La dignité du scrutin n'est explicitement prévue par aucun texte, mais elle est, elle aussi, consubstantielle au bon fonctionnement de la démocratie. Aussi le Conseil constitutionnel s'est-il fondé sur une atteinte à la « dignité du scrutin » pour annuler l'ensemble des suffrages d'une commune (Déc. du 8 mai 2002, dispositif de décontamination dans la commune de Villemagne). Il s'agit d'éviter tout ce qui peut tourner le scrutin en dérision. La neutralité des opérations est gage de leur authenticité.

" Le président du bureau de vote a seul la police de l'assemblée " dispose pour sa part l'article R.49 du code électoral, rendu applicable au scrutin des 28 et 29 mai 2005 par l'article 8 du décret du 17 mars 2005 portant organisation du référendum. Il peut à cet effet requérir les autorités civiles et militaires.

Comment ces textes et principes doivent-il être appliqués dans les diverses hypothèses de manifestations d'opinion ?
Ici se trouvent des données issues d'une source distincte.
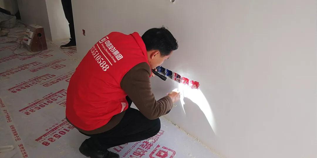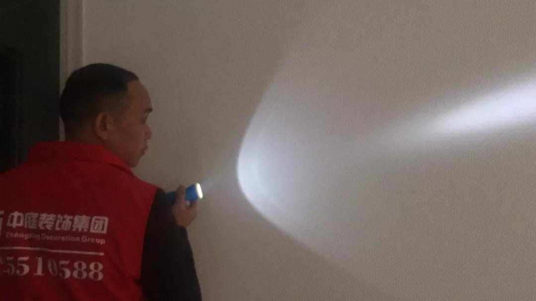 集團(tuán)工程質(zhì)量管理中心總監(jiān)吳總用強(qiáng)光手電筒檢查刮膩?zhàn)悠秸?/span>
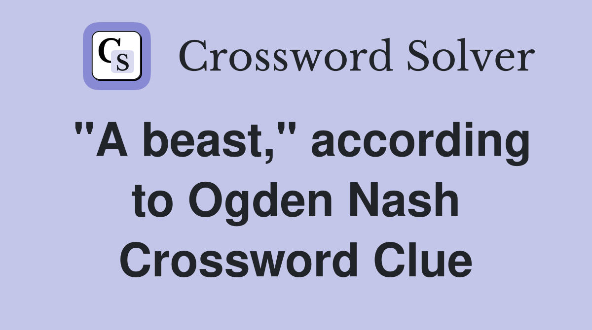 quot A beast quot according to Ogden Nash Crossword Clue Answers Crossword

- pression sur les électeurs (port de vêtement avec « oui » ou « non », ou avec l'effigie d'une personnage politique connu pour son engagement pour le oui ou le non). Les solutions tiennent compte des circonstances de l'espèce et des données locales (12 juillet 1978, AN, Guadeloupe : port de maillots bleu, blanc, rouge avec le nom d'un candidat sans distribution de bulletins au nom du candidat : pas d'annulation / avec distribution de bulletins : annulation ; 9 oct. 1981, AN, Wallis et Futuna : port de maillot à l'effigie d'un candidat par des électeurs à l'intérieur d'un bureau de vote, pas d'annulation).
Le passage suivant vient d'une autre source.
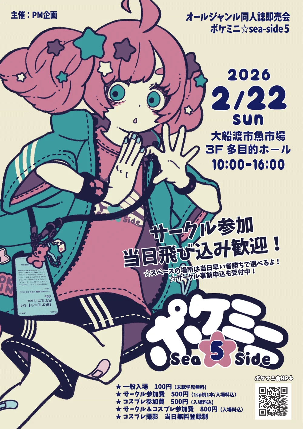 PM企画☆ポケットマニア☆@pokemani2w ago【ポケミニ☆】今回もおためし開催のお知らせちいさな同人誌即売会・ポケミニ☆sea-side5日時:2026年2月22日(日)10:00~16:00頃 会場:大船渡市魚市場 3F多目的ホール ☆今回も魚市場で開催です。☆サークル参加飛入可能!コスプレ可能!#ポケミニseaside5 #ポケミニC

- atteinte à la dignité du scrutin : port de vêtement avec mention « réquisitionné » ou « pour le maintien du bureau de poste ». La solution dépend là aussi des circonstances et du degré atteint dans la provocation : attitude des membres, intensité de l'ostentation, résistance aux observations éventuelles du délégué...

- manifestations à l'intérieur des bureaux de vote : la solution est plus sévère lorsque ces actes sont le fait de membres du bureau (président : CE, 8 mars 2002, Vairao) ou d'électeurs présents en nombre et pendant une durée conséquente que s'il s'agit d'électeurs isolés ou d'évènements ponctuels (12 juillet 1978, AN, Guadeloupe précité et 9 oct. 1981, AN, Wallis et Futuna précité).

- manifestations à proximité des bureaux de vote : mêmes solutions (CC, 8 mai 2002, dispositif de décontamination « au voisinage immédiat du bureau de vote »).

L'annulation est prononcée si les agissement en cause dépassent une certaine gravité (cf. décisions précitées ; voir aussi : 25 nov. 1997, AN, Polynésie française, 2ème : personnes portant des vêtements aux couleurs du parti du candidat élu se tenant à proximité des bureaux de vote de la commune : pas d'influence suffisante pour modifier le résultat du scrutin) .

Cette gravité est appréciée en fonction :

  • d'éléments intrinsèques aux agissements eux-mêmes : organisateurs des manifestations (élus ou électeurs) ; persistance malgré les protestations d'électeurs, de délégués des formations habilitées ou du Conseil constitutionnel ; nombre et attitude des personnes en cause ; mentions au procès-verbal...
  • d'élément extrinsèques : comparaison des résultats du bureau de vote où se sont produits les actes en cause avec les résultats de bureaux de vote comparables : en l'absence de discordances notables, l'annulation peut être évitée si la manifestation n'a pas revêtu un caractère inacceptable.

En cas d'annulation, la motivation est du type suivant : Considérant que dans la commune de... des manifestations d'opinion ont eu lieu le jour du scrutin (aux abords immédiats OU : à l'intérieur même) des bureaux de vote sous la forme de... ; que ces agissements (rappel éventuel de circonstances d'espèce : organisés par...) (sont incompatibles avec la dignité du scrutin et) ont été de nature à porter atteinte tant au secret du vote qu'à la liberté des électeurs ; qu'il y a lieu d'annuler l'ensemble des suffrages exprimés dans ces bureaux ;

La persistance des manifestations en dépit des observations du délégué du Conseil constitutionnel, alors que le président du bureau de vote peut y mettre fin en vertu de son pouvoir de police, incline à l'annulation. Le Conseil relève souvent cette circonstance dans ses décisions de proclamation de résultats.